During a visit to Greer’s salon, Greta Garbo encountered Mrs. Samuel Goldwyn. After the two exchanged pleasantries, Goldwyn invited Garbo to meet Ruby Keeler, who was being fitted in another room. Keeler had not yet begun her acting career, and was then only known as the wife of Al Jolson. “But why should I meet Mrs. Jolson?” Garbo asked. Her inquiry was grounded in wariness, not arrogance, and Greer knew it. “Meeting anyone is a terrific ordeal for her,” Greer said. A few minutes later, Goldwyn appeared at Garbo’s fitting room and introduced her to Mrs. Jolson. “But you look exactly like your husband!” Garbo blurted out. “To this day I shall never know what she meant.” Greer said.

From 1935 to 1937, Greer took two years off to live in Paris, leaving his salon in the hands of his assistant. When he returned to Hollywood, Greer resumed his custom work, as well as designing for film, including dressing Katharine Hepburn in Bringing Up Baby (1938) and Ginger Rogers in Carefree (1938).

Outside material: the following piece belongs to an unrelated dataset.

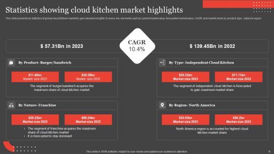 This slide presents an statistics of global cloud kitchen market to gain valuable insights. It covers key elements such as current market value, forecasted market value, CAGR and market share by product, type, nature and region. Do you know about Slidesgeeks International Food Delivery Market Statistics Showing Cloud Kitchen Market Guidelines Pdf These are perfect for delivering any kind od presentation. Using it, create PowerPoint presentations that communicate your ideas and engage audiences. Save time and effort by using our pre-designed presentation templates that are perfect for a wide range of topic. Our vast selection of designs covers a range of styles, from creative to business, and are all highly customizable and easy to edit. Download as a PowerPoint template or use them as Google Slides themes. This slide presents an statistics of global cloud kitchen market to gain valuable insights. It covers key elements such as current market value, forecasted market value, CAGR and market share by product, type, nature and region.

When his old drinking buddy, Travis Banton, left Paramount, Greer took him on at the salon. “Howard didn’t really need him at all, but he knew Travis was awfully depressed and worried about him,” claimed gossip columnist Hedda Hopper. “Howard’s manager told me he had been afraid at the time they might start tooting it up with too many cocktails and the shop would suffer, but Travis started getting offers to do some pictures again and things worked out.”

Thanks to the success of his creations and the support of Hollywood, Greer was able to maintain his salon during the Depression and the war. Wartime labor shortages forced Greer to devote more time to the salon. In response to the growth of the ready-to-wear industry, Greer and his new partner, Bruce McIntosh, began designing a wholesale line in 1946, which proved profitable. At first the two produced both custom and ready-made garments, but after several years, they produced exclusively ready-to-wear items. A couple of years later, rising supply costs and a shortage of skilled labor forced Greer to close shop. Greer remained active in costuming and design until his death on April 17, 1974.